*** Information supplied Section Begins ***

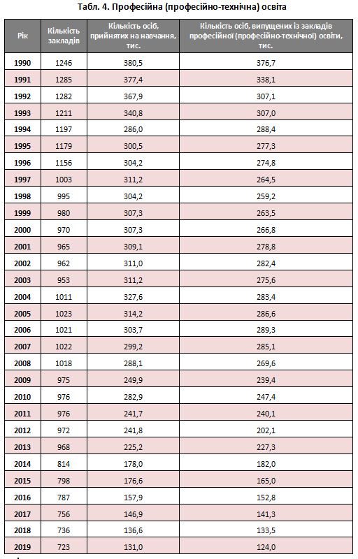 Заклади професійної (професійно-технічної) освіти також зменшилися і кількісно, і розміром. З 1990-го по 2013-й профтехів стало менше на 22%. Але студентів у них поменшало на 40%. Причому їх продовжувало меншати навіть у той період, коли загальна кількість випускників 9-х класів почала знову зростати. Однак із початку 2000-х частка учнів, які після 9-го класу продовжували навчання в загальноосвітніх школах, зросла до 70% (тоді як у 1996-му таких був 61%). Крім того, дедалі більше випускників вирішували продовжити навчання у коледжах та технікумах, які отримали статус закладів вищої освіти.
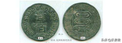 附图23:福在眼前背双蝙蝠钱,是用象牙整体刻制的手工雕刻花钱,时代约晚清,不属刻花钱;图24、壹佰钱,是一枚清末民国民间私刻私铸代用币,不属刻花钱。
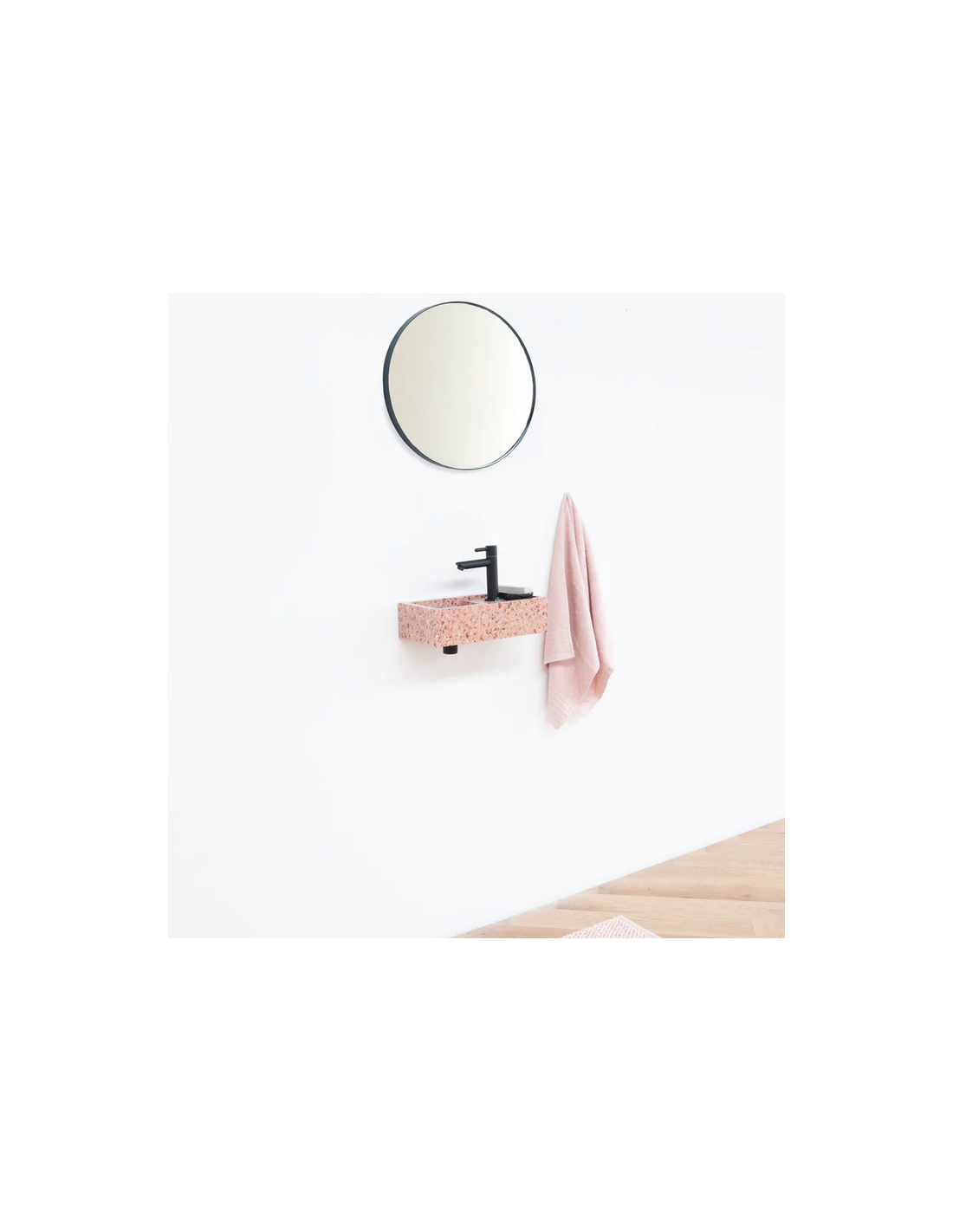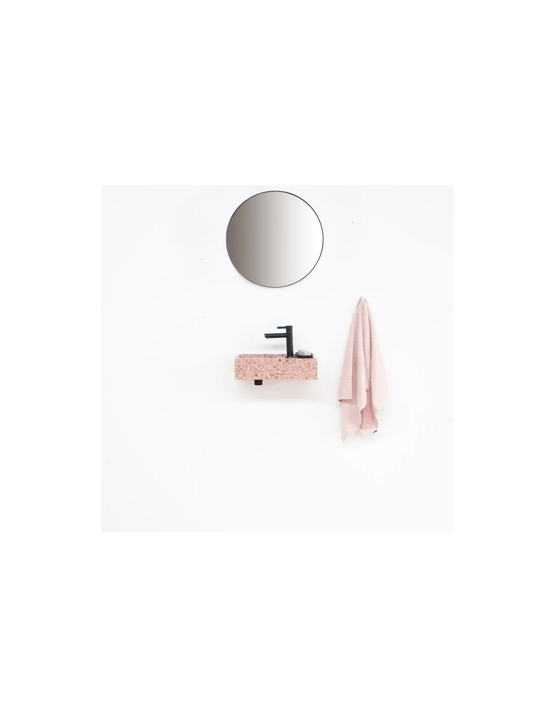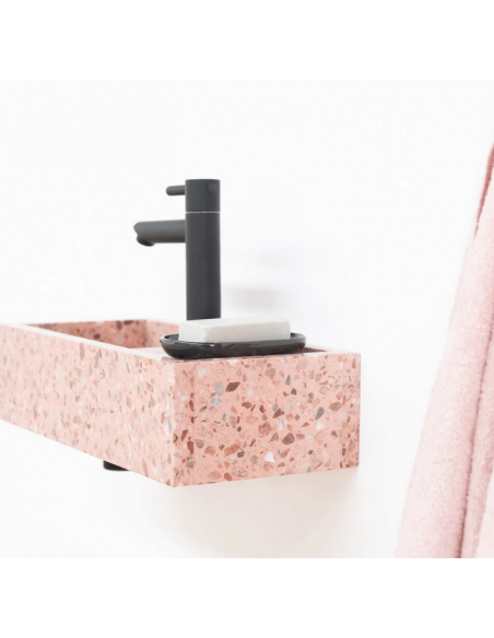 Vægmonteret håndvask udført i et design af rosa terrazzo. Håndvasken måler 10 cm i højden og 39 x 18 cm i bredde og dybde (ydermål). Vasken leveres uden bundventil (standard mål).

*** Information supplied Section Ends ***

Requirement: Apart from the pictures, all of the data should be repeated exactly.

Response area:
 Заклади професійної (професійно-технічної) освіти також зменшилися і кількісно, і розміром. З 1990-го по 2013-й профтехів стало менше на 22%. Але студентів у них поменшало на 40%. Причому їх продовжувало меншати навіть у той період, коли загальна кількість випускників 9-х класів почала знову зростати. Однак із початку 2000-х частка учнів, які після 9-го класу продовжували навчання в загальноосвітніх школах, зросла до 70% (тоді як у 1996-му таких був 61%). Крім того, дедалі більше випускників вирішували продовжити навчання у коледжах та технікумах, які отримали статус закладів вищої освіти.
 附图23:福在眼前背双蝙蝠钱,是用象牙整体刻制的手工雕刻花钱,时代约晚清,不属刻花钱;图24、壹佰钱,是一枚清末民国民间私刻私铸代用币,不属刻花钱。
 Vægmonteret håndvask udført i et design af rosa terrazzo. Håndvasken måler 10 cm i højden og 39 x 18 cm i bredde og dybde (ydermål). Vasken leveres uden bundventil (standard mål).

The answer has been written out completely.